*TASK TO COMPLETE:* Could you copy exactly the lines below, beginning at the line with "山东富伦钢铁有限公司2019年度温室气体排放核查报告" and stopping after the line with "Volvo key codes, nyckelkoder", with no pictures?

*SUPPLIED RECORDS:*

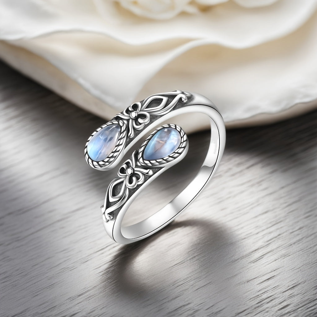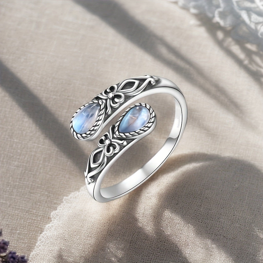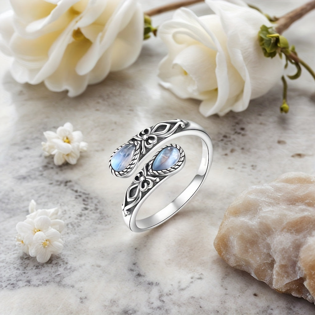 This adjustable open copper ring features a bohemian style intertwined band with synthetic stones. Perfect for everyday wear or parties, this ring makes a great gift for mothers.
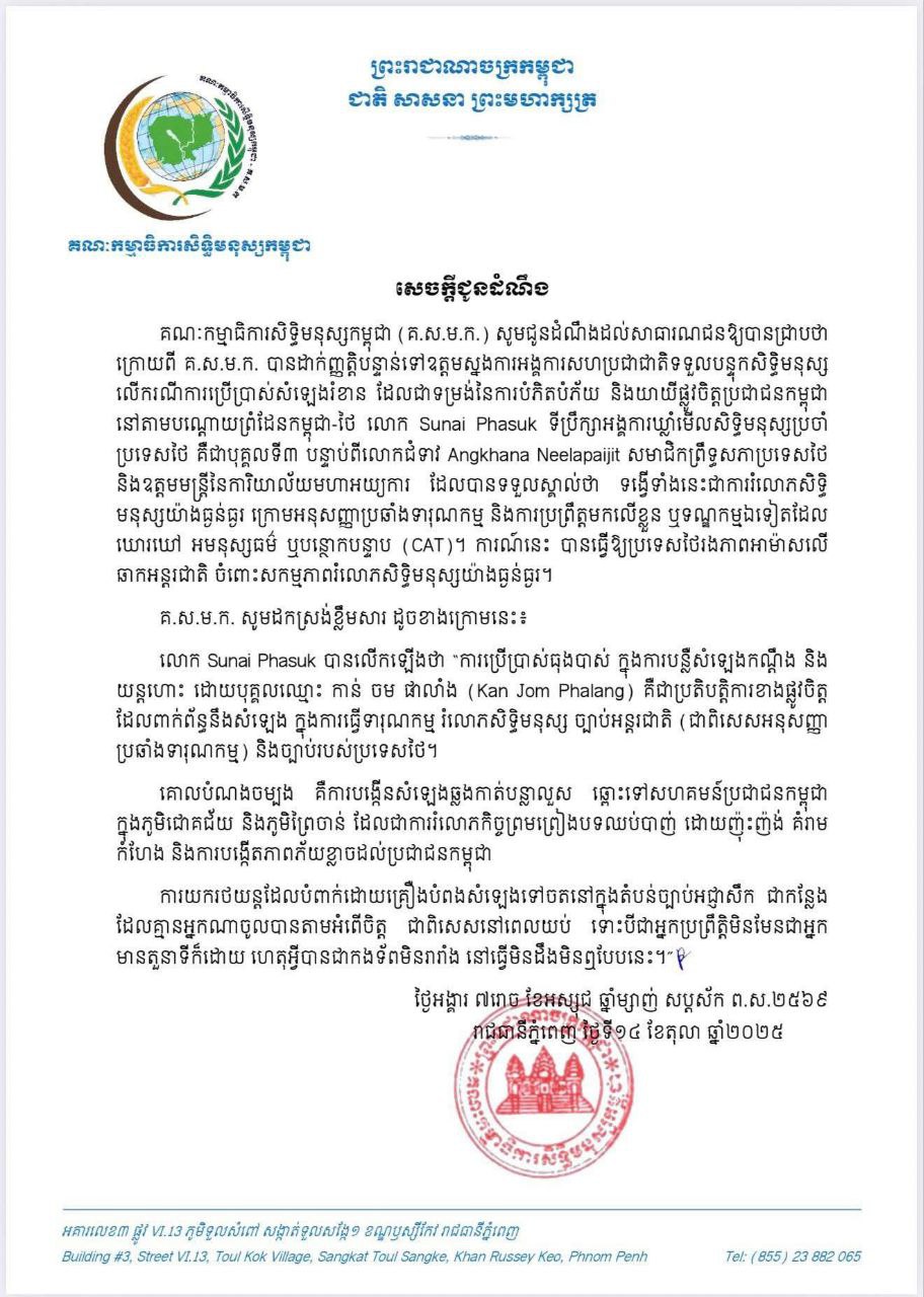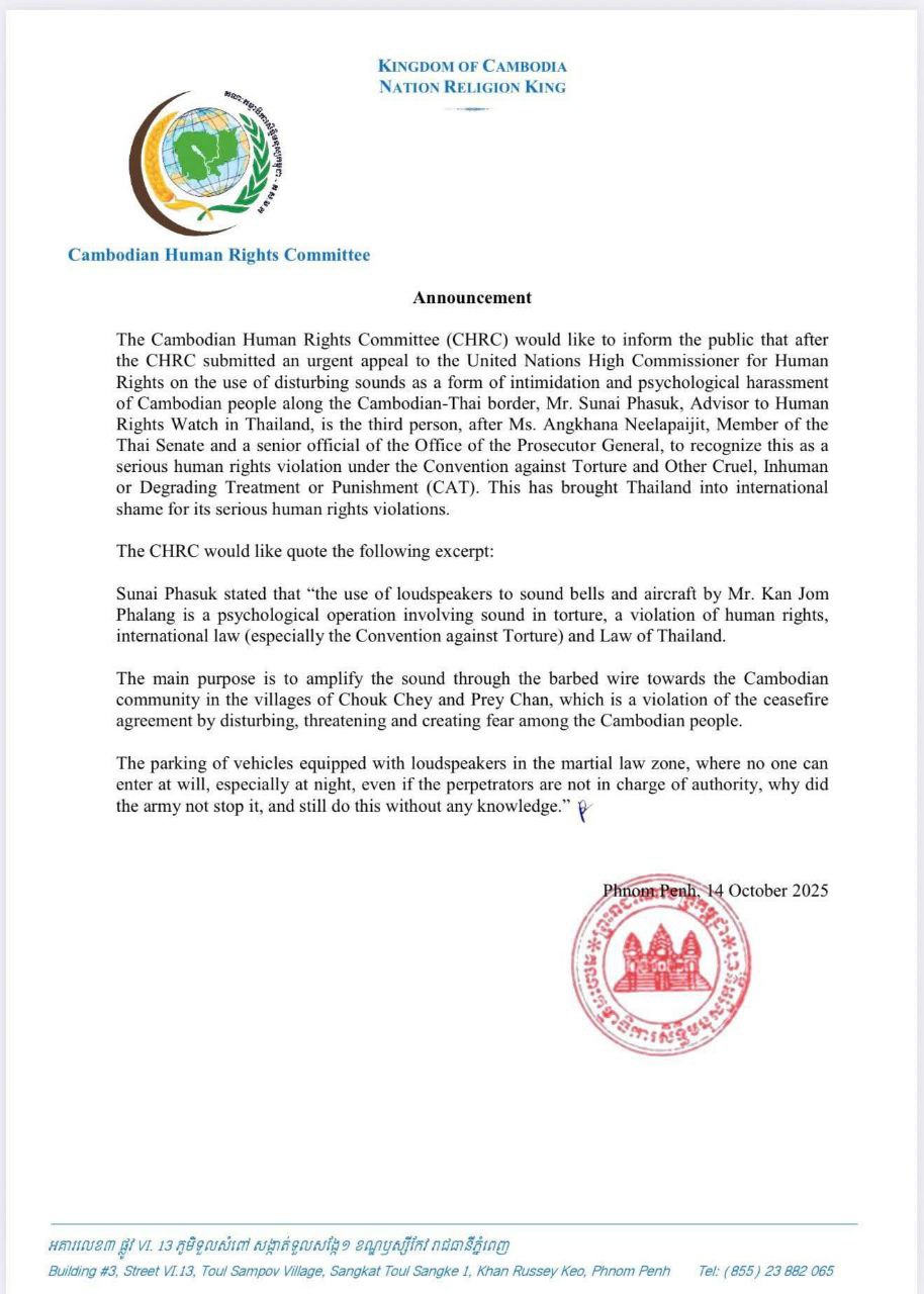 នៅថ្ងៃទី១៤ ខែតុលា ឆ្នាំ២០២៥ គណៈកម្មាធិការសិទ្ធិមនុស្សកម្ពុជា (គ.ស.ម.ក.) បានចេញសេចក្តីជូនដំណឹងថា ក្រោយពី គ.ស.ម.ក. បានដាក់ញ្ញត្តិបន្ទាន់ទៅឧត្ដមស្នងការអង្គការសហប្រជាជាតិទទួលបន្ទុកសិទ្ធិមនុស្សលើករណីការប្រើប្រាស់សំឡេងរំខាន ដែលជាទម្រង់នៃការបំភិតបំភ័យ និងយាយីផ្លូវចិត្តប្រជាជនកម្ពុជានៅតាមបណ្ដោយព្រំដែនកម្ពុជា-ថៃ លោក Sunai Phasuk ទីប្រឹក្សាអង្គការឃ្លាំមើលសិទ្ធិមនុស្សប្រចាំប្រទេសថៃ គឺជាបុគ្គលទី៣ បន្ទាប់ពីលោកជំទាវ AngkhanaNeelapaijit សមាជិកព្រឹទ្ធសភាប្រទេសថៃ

---

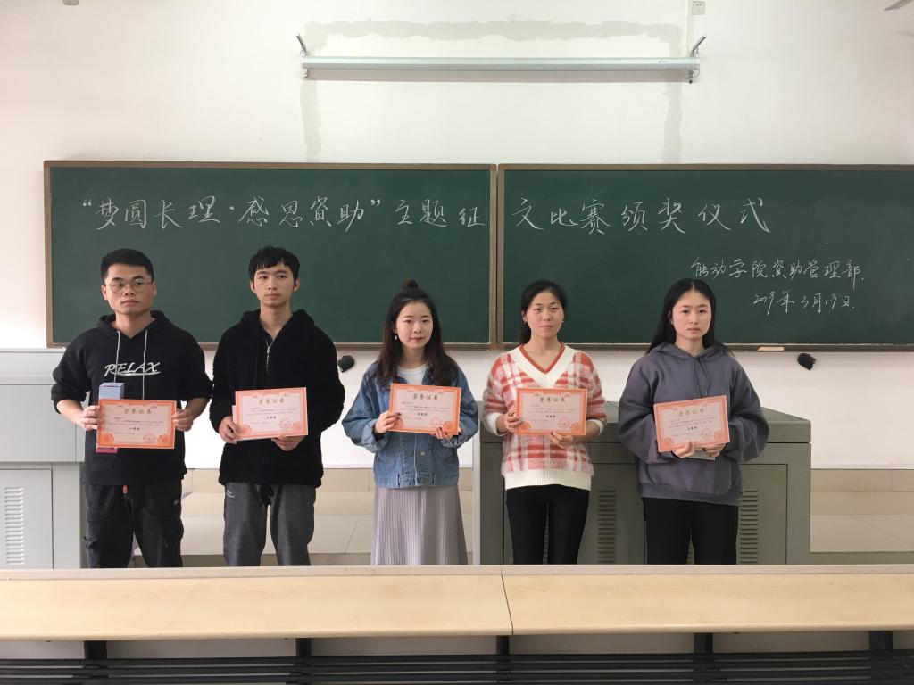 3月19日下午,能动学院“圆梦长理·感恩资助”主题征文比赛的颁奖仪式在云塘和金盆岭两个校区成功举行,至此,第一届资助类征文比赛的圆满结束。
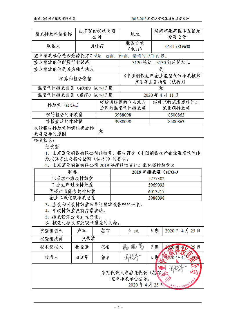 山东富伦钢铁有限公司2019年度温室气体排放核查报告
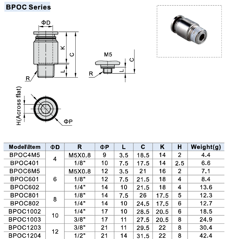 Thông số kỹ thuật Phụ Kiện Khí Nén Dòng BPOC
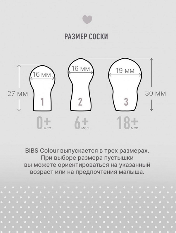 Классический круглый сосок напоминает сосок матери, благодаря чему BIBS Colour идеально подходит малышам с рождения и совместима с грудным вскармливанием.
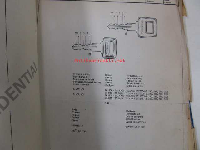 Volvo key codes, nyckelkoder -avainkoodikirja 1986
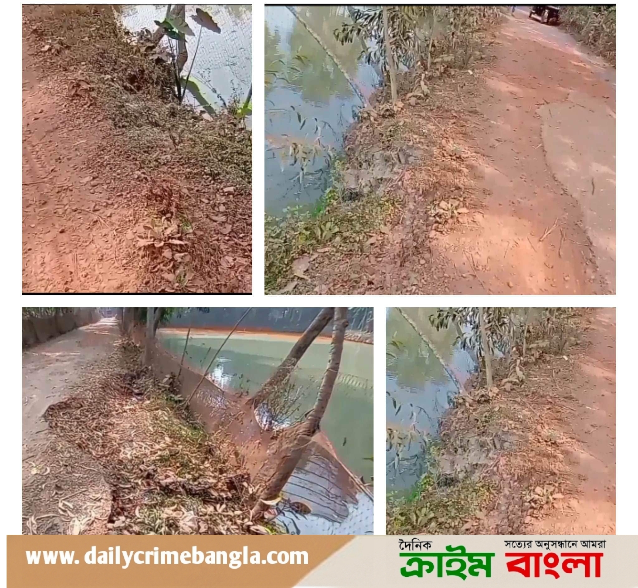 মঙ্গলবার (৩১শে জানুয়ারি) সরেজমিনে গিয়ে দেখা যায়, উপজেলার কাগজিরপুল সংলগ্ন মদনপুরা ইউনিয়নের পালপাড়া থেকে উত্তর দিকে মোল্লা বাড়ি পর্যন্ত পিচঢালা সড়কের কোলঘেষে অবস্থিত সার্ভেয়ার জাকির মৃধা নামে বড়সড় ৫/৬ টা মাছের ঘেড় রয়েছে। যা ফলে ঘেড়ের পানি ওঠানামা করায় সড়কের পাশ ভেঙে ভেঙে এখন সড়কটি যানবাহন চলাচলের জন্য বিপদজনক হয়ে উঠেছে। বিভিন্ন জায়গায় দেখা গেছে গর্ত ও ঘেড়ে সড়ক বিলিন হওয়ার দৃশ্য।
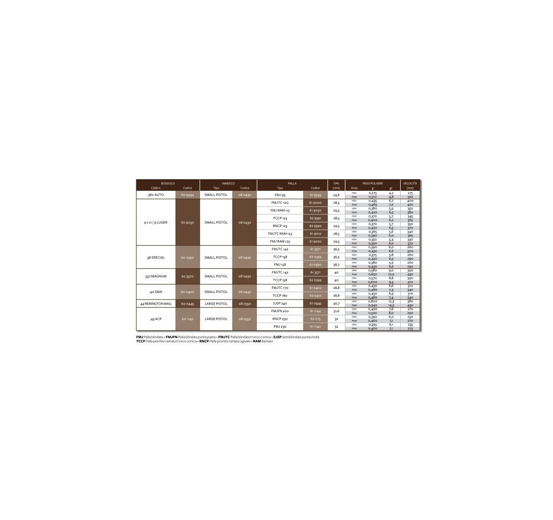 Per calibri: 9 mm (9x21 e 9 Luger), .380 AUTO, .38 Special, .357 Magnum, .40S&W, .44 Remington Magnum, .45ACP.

...

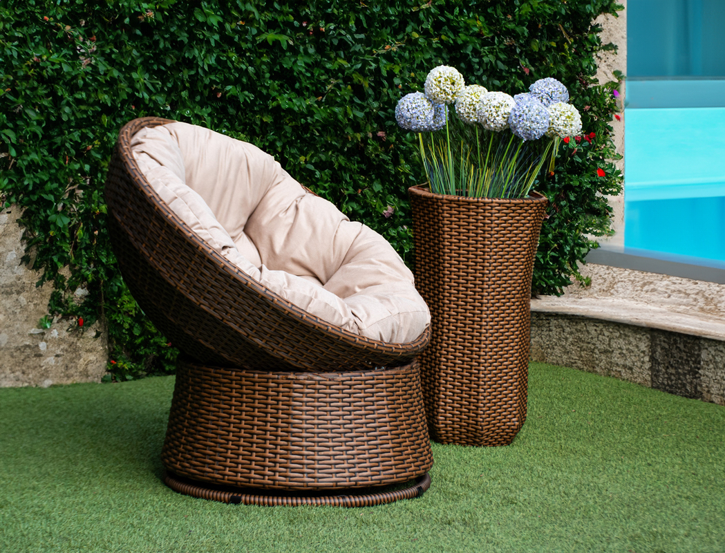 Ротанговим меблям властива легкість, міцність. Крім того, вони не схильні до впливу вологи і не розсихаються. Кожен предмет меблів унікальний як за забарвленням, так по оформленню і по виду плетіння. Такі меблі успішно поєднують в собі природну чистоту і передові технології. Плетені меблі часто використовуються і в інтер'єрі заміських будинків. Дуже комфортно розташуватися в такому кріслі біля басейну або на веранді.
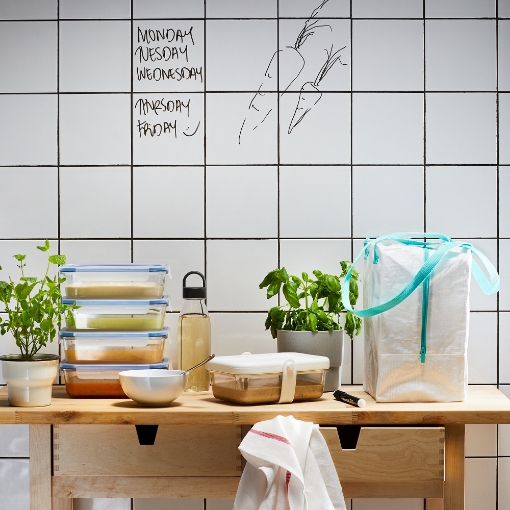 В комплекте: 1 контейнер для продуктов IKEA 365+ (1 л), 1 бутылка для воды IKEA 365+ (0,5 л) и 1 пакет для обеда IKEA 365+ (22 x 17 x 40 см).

*FINISHED TASK:*
 山东富伦钢铁有限公司2019年度温室气体排放核查报告
 Thông số kỹ thuật Phụ Kiện Khí Nén Dòng BPOC
 Классический круглый сосок напоминает сосок матери, благодаря чему BIBS Colour идеально подходит малышам с рождения и совместима с грудным вскармливанием.
 Volvo key codes, nyckelkoder -avainkoodikirja 1986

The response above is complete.